*** Opening of DATA SHOWN ***

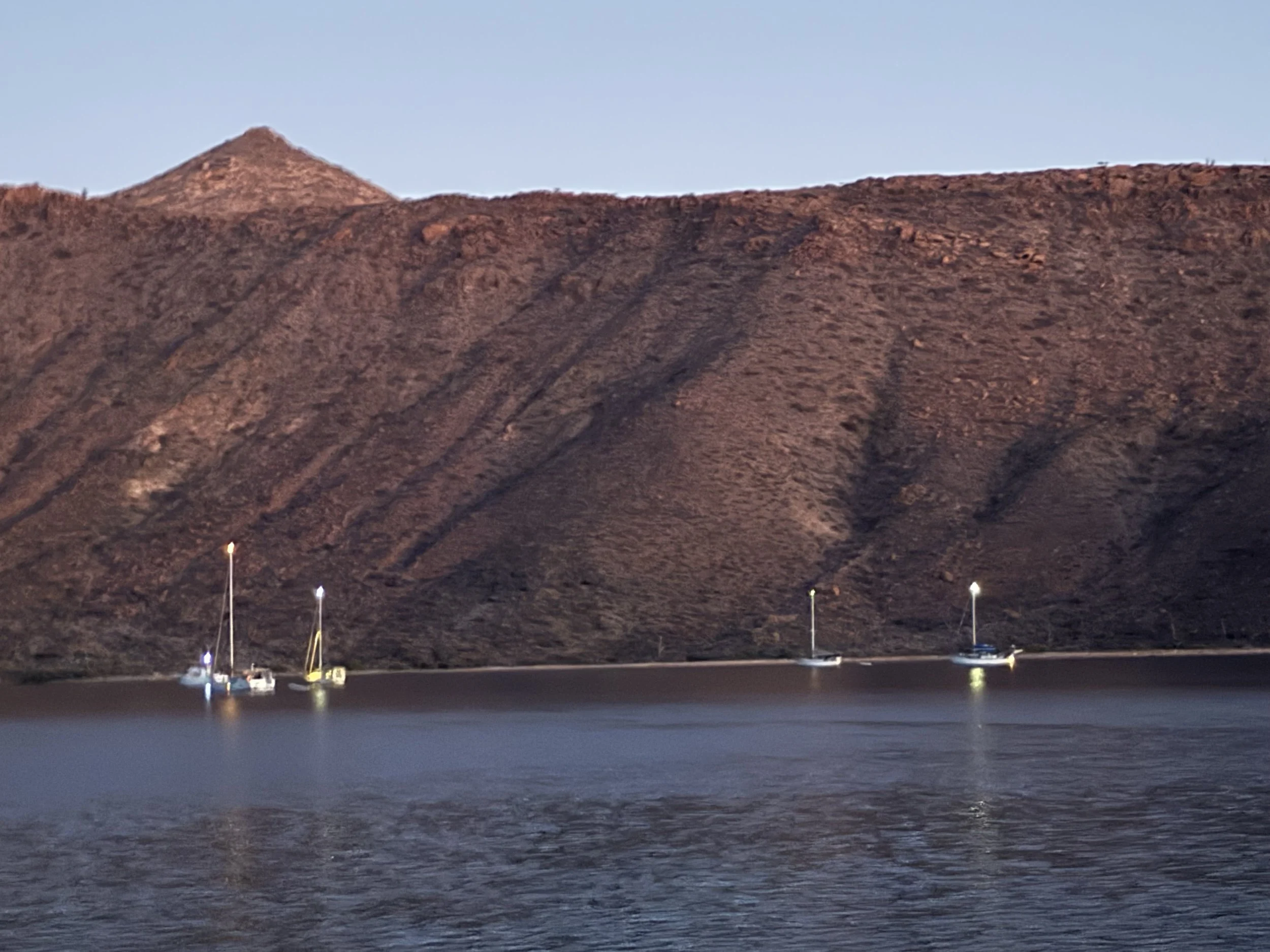 We sailed towards our destination for the night on Isla Espiritu Santo, approximately 15 NM from Balandra. The wind was low but our spirits were high to be headed towards the UNESCO World Natural Heritage Site. Once we lined up with land, we were transfixed by the rock formation produced by volcanoes. Of things that I have seen, it was probably closest to the Grand Canyon in color but the textures were so variable, at times smooth and burnt orange and at times it looked like a kid put some glue on a giant rock and stuck it to the side of the mountain. I understand when I read the description of Espiritu Santo’s formation by a “violent” volcano. There is evidence in the form of pearl oyster fishhooks that humans lived on this island over 9000 years ago and you can almost picture it.
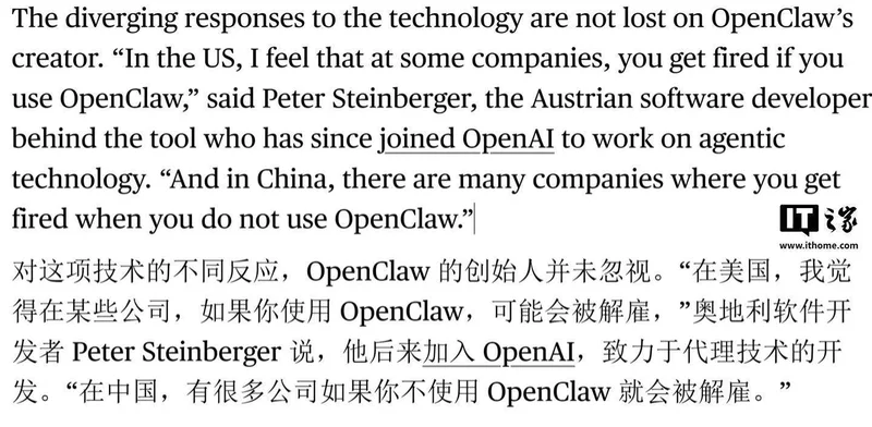 针对中美两国企业推行 AI 的差异,斯坦伯格用一句话概括为:“在美国,我认为至少存在某些公司,会因为你使用 OpenClaw 而裁掉你;而在中国,有很多公司会因为你不使用 OpenClaw 而裁掉你”。
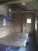 14:00 雲取山避難小屋(頂上の20m手前)。広く、綺麗 |

*** Close of DATA SHOWN ***

Starting at the line that contains "OpenClaw 而裁掉你;而在中国,有很多公司会因为你不使用 OpenClaw" and ending with the last line of the data, transcribe every line exactly; skip the pictures.

**TASK OUTPUT:**
 针对中美两国企业推行 AI 的差异,斯坦伯格用一句话概括为:“在美国,我认为至少存在某些公司,会因为你使用 OpenClaw 而裁掉你;而在中国,有很多公司会因为你不使用 OpenClaw 而裁掉你”。
 14:00 雲取山避難小屋(頂上の20m手前)。広く、綺麗 |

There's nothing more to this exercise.